Pacharan

 

No podía ser muy temprano porque la luz que llegaba del exterior era todavía muy tenue, pero él se encontró de repente despierto por completo.

Se giró. A su lado Ojos de Sol reposaba indemne y esplendorosa. La contempló con cariño y empezó a acariciar esos rasgos tan amados.

Poco a poco notó una excitación que le llevó a caricias cada vez más íntimas hasta que separando sus muslos, se acomodó sobre ella.

Cuando lo sintió dentro, despertó. Sin mostrar extrañeza, se acomodó de inmediato a la situación. Eras un modo feliz de despertar. Su sonrisa cariñosa creaba una complicidad por la que valía la pena vivir.

Mientras se duchaba, ella preparó el primer café del día.

Salió de casa con la fuerza de un triunfador, alegre, dispuesto a enfrentarse al trabajo, al mundo y a la eternidad.

Por la tarde, al salir, emprendió el camino cotidiano hacia la cafetería donde ella trabajaba. Le agradaba verla una vez más antes de regresar a la casa.

Allí tomó su también cotidiano café, escuchó, como cada día, las quejas de ella sobre sus clientes, sus jefes, su cotidianidad.

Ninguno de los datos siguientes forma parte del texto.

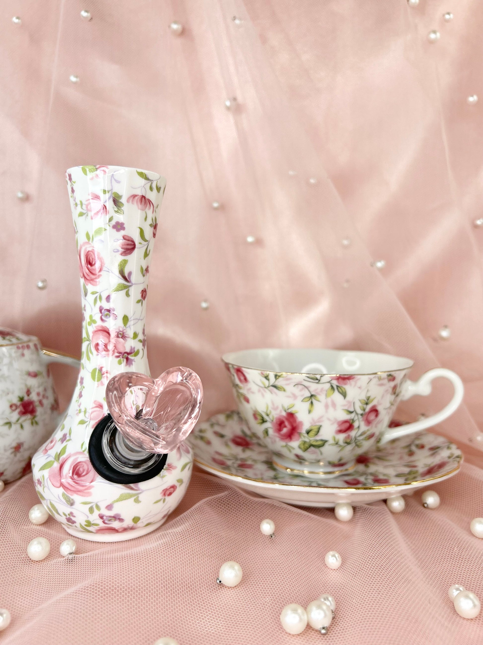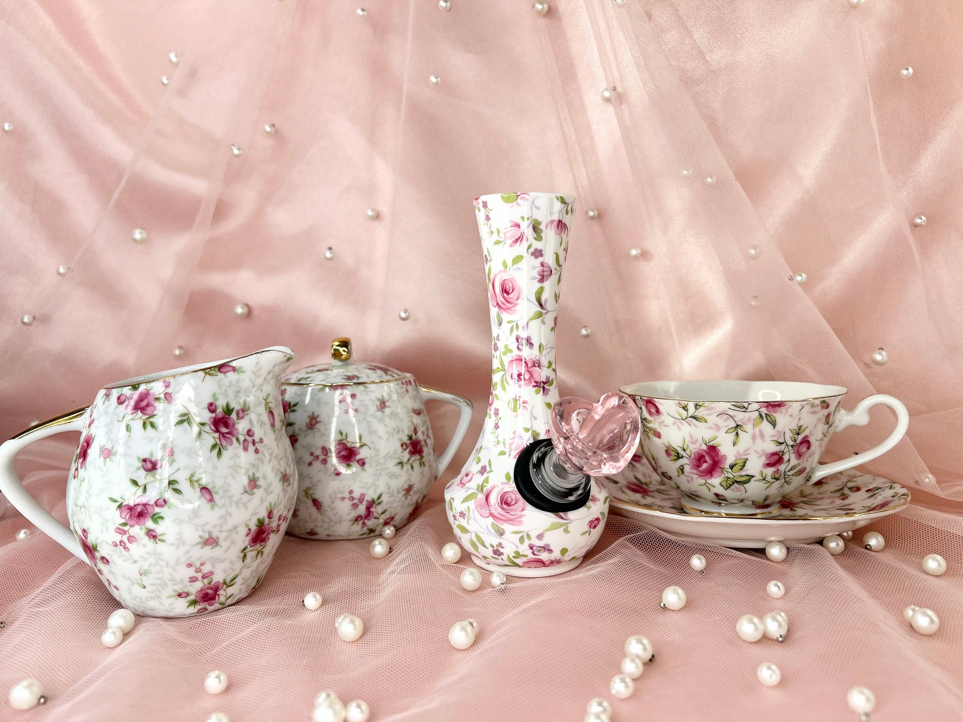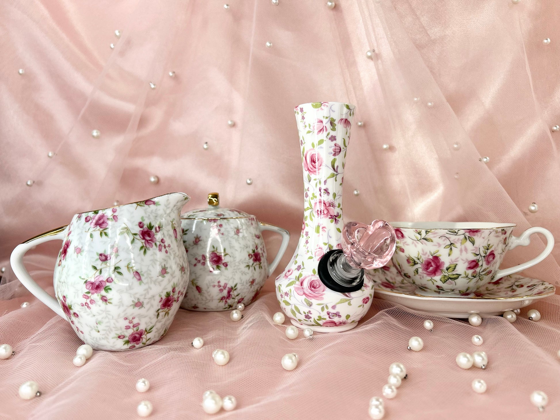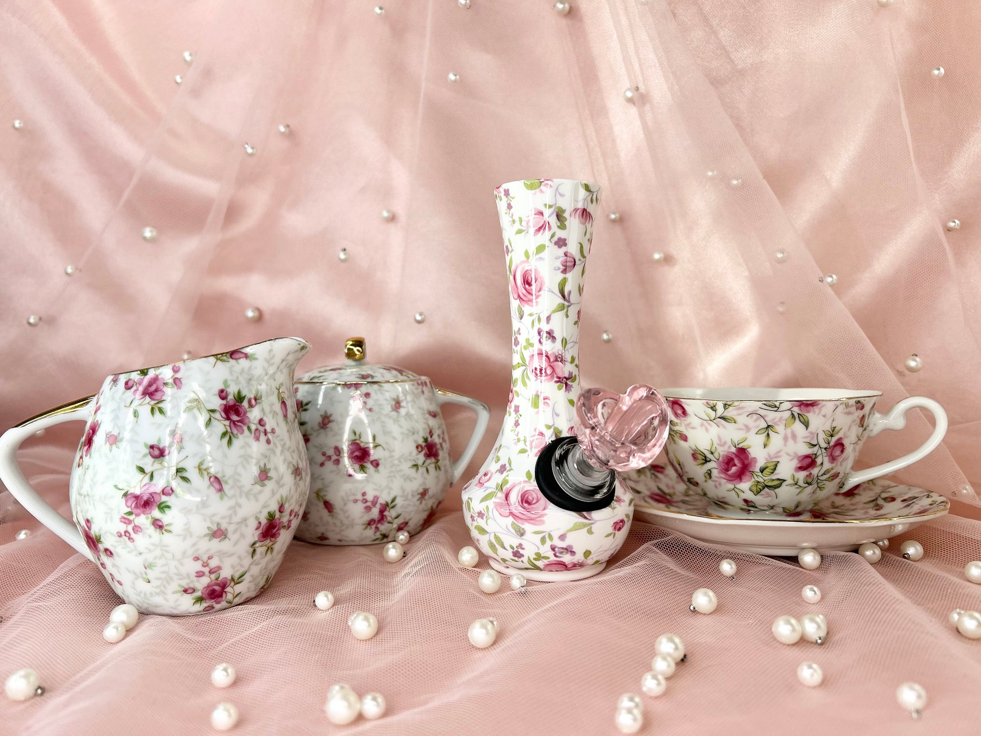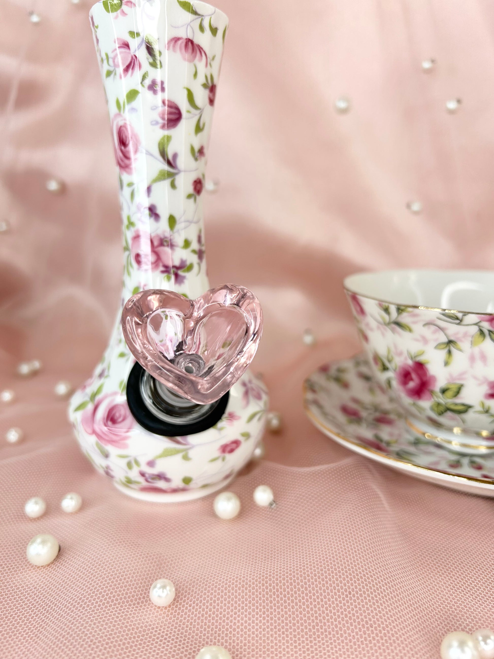 • Includes pipe, 14mm pink glass heart bowl, tea cup, plate, sugar and creamer pitcher
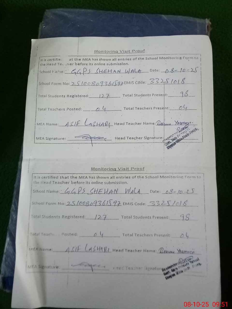 | Attendance Register | Head Teacher | MEA with School | Visit Proof |
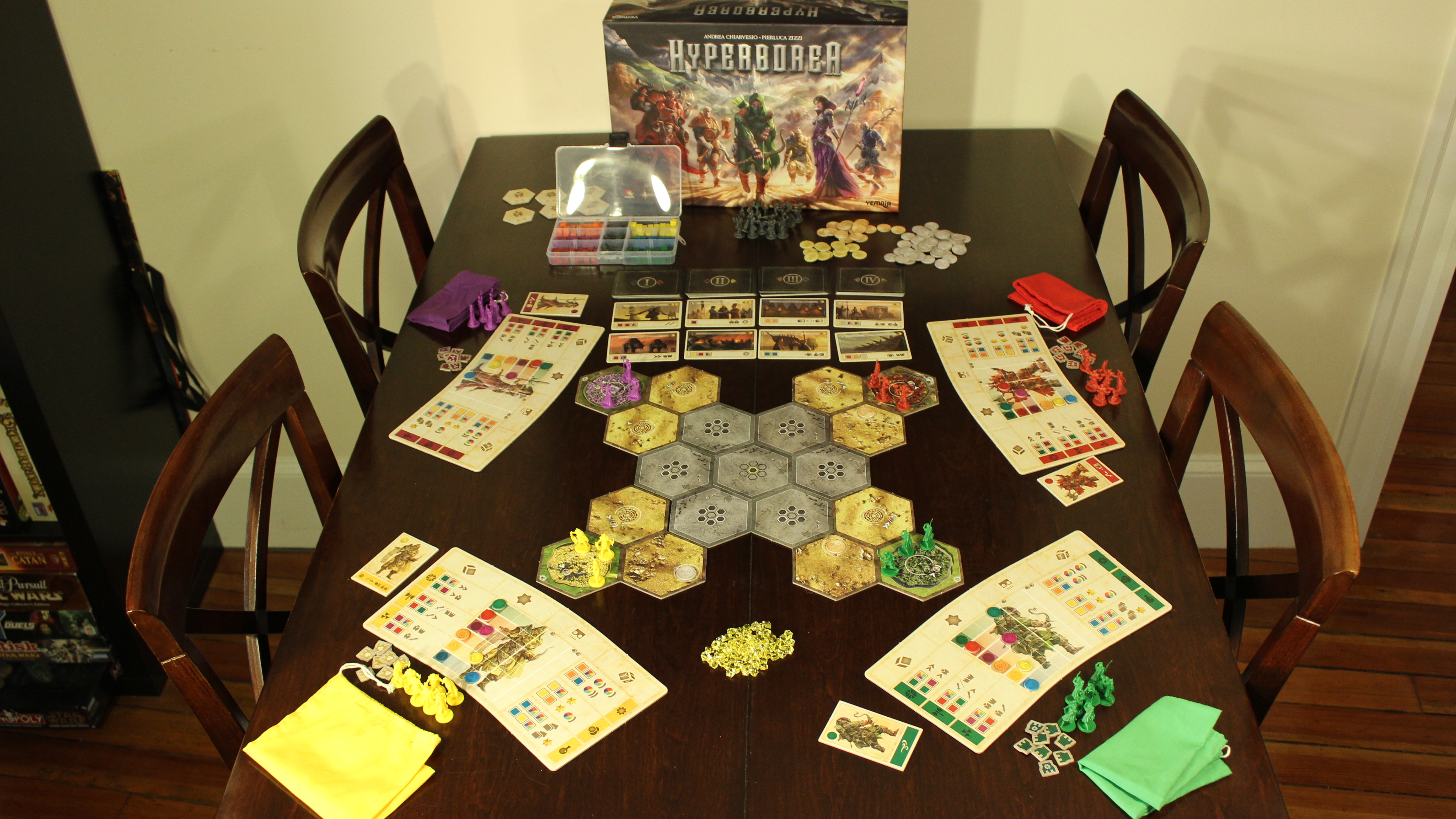 Hyperborea does present a problem for those who are color blind. I didn’t even think about it until I tried to play with a color inhibited friend. The cube colors are hard to distinguish if you have a hard time differentiating color, or even if you are in a low light situation.
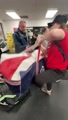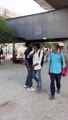Two men surprise strangers on the street by using a cloth rope to catch them off guard and push them in the opposite direction.
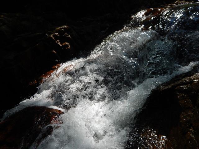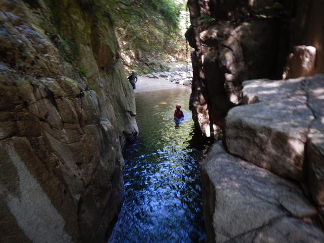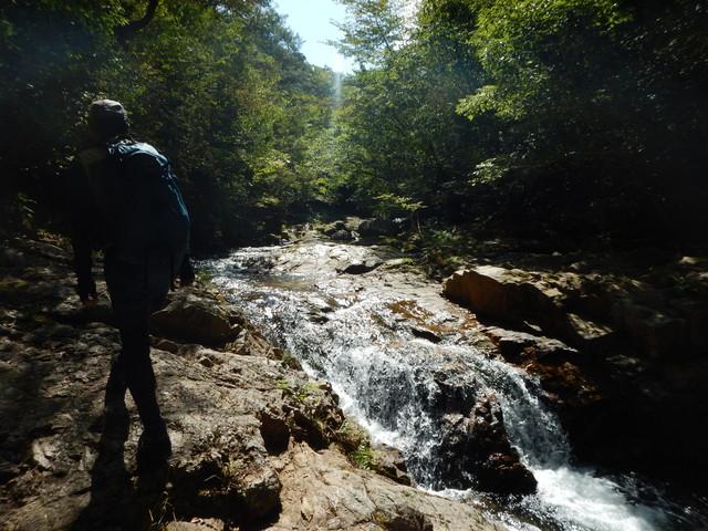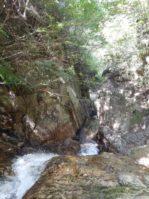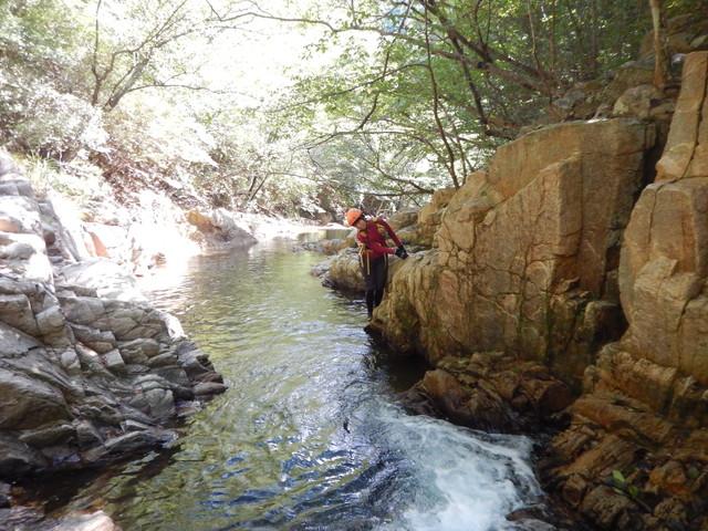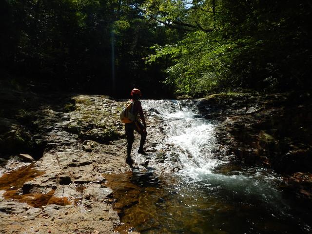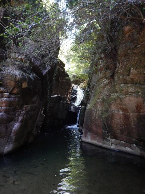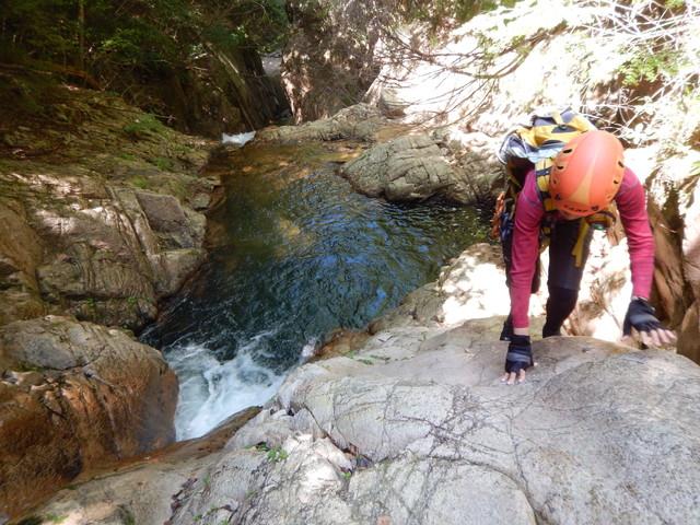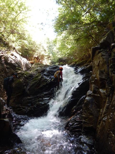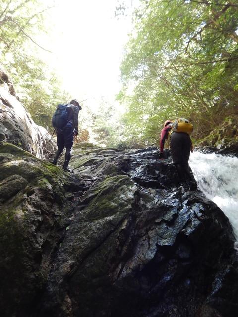 後半のゴルジュは側壁に取り付きクラックに手をかけ、小さなスタンスに足をのせ上がります。その後の滝は優しく登れました。
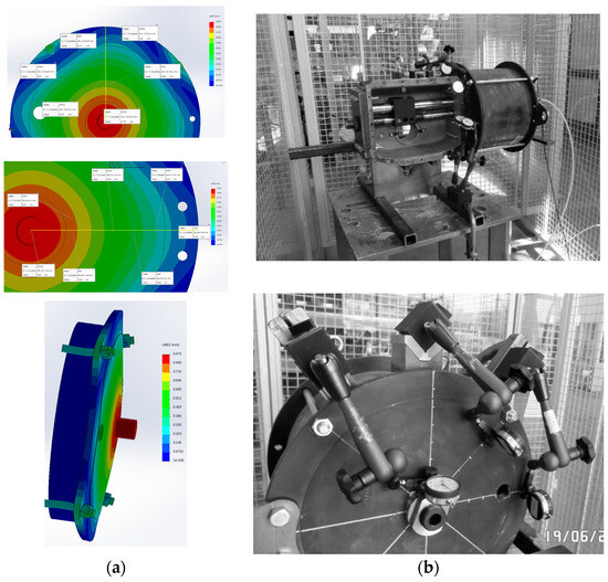 (a) Deformation map of the tail flange obtained with an FEA model of the real prototype; (b) phases of the direct deformation measurement on the real prototype.
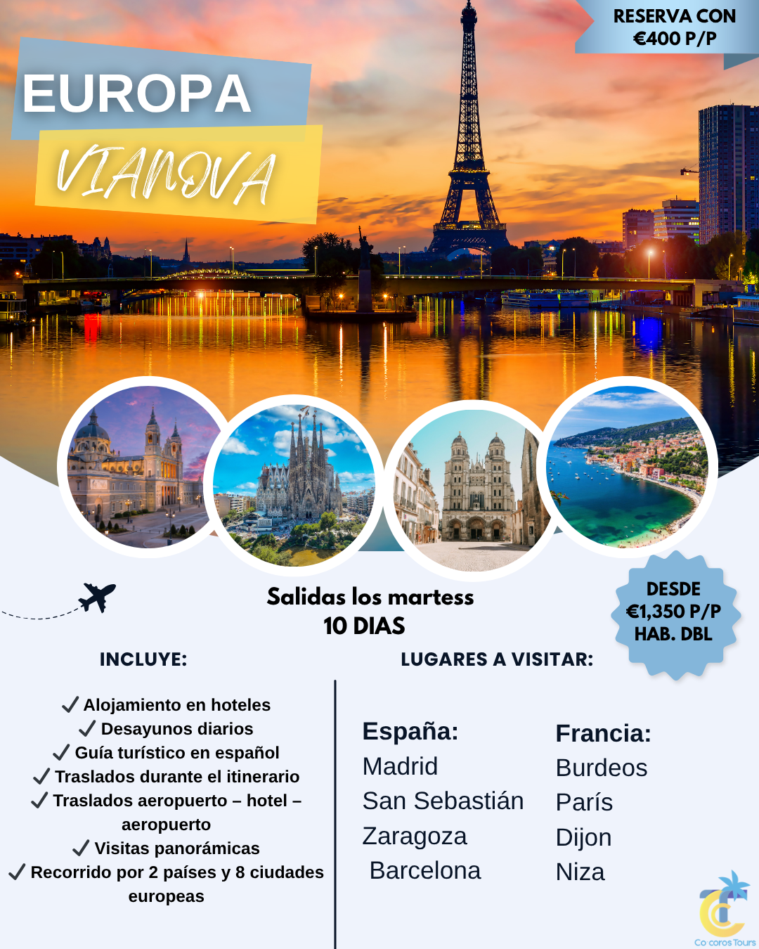 Viaje a Europa desde €1,350 P/P DBL
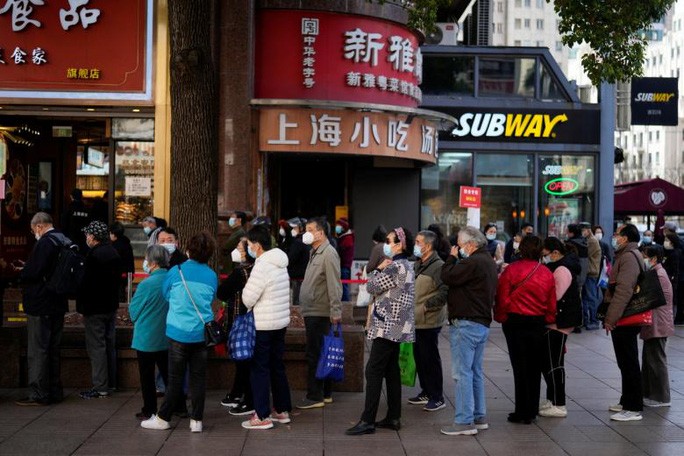 Cư dân Thượng Hải xếp hàng trước khu mua sắm để mua thực phẩm ngày 29-3. Ảnh: Reuters
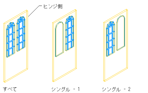 | すべてのガラス コンポーネントに組子をアタッチするには | [ガラス コンポーネント]で[すべて]を選択します。 |
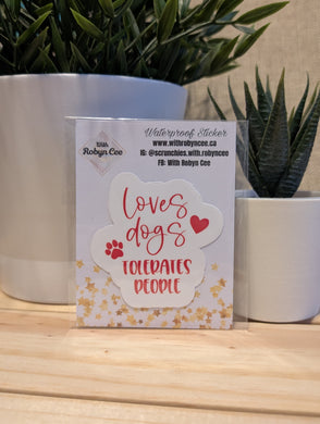 "Loves Dogs Tolerates People" Red Sticker
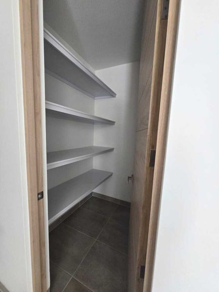 Cocina abierta con barra central y amplia alacena independiente
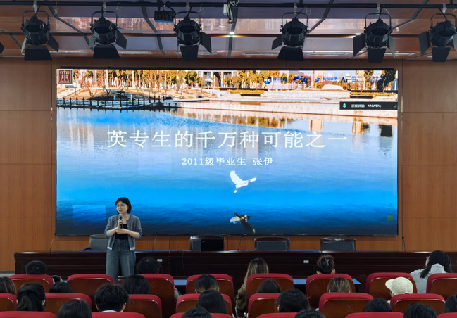 张伊以“英专生的千万种可能之一”为题,结合自身从外语教师成长为教育领域管理者的经历,为学弟学妹们剖析职业规划的关键点。她强调,职业选择需立足个人兴趣与市场需求双重视角,提前布局留学申请,夯实语言与专业能力。针对考研与留学规划,张伊通过案例对比指出,留学申请需注重“院校匹配度与文书个性化”,而考研备战应“聚焦目标院校真题,强化专业深度”。

Pagó el café y decidió, como cada día, tomar una copa de pacharán.

Después de ponérsela, ella se dirigió al fondeo de la barra, y subiendo a una pequeña escalera, empezó a limpiar las botellas de la estantería superior. Él la contemplaba sin verla, orgulloso de estar en su cercanía. Fue entonces cuando equivocó el pie, falló el escalón y cayó hacia atrás.

Nunca llegó al suelo. A mitad camino desapareció.

Él terminó de un trago el licor y salió huyendo. No ha vuelto. Ella tampoco. Y todavía debe el pacharán.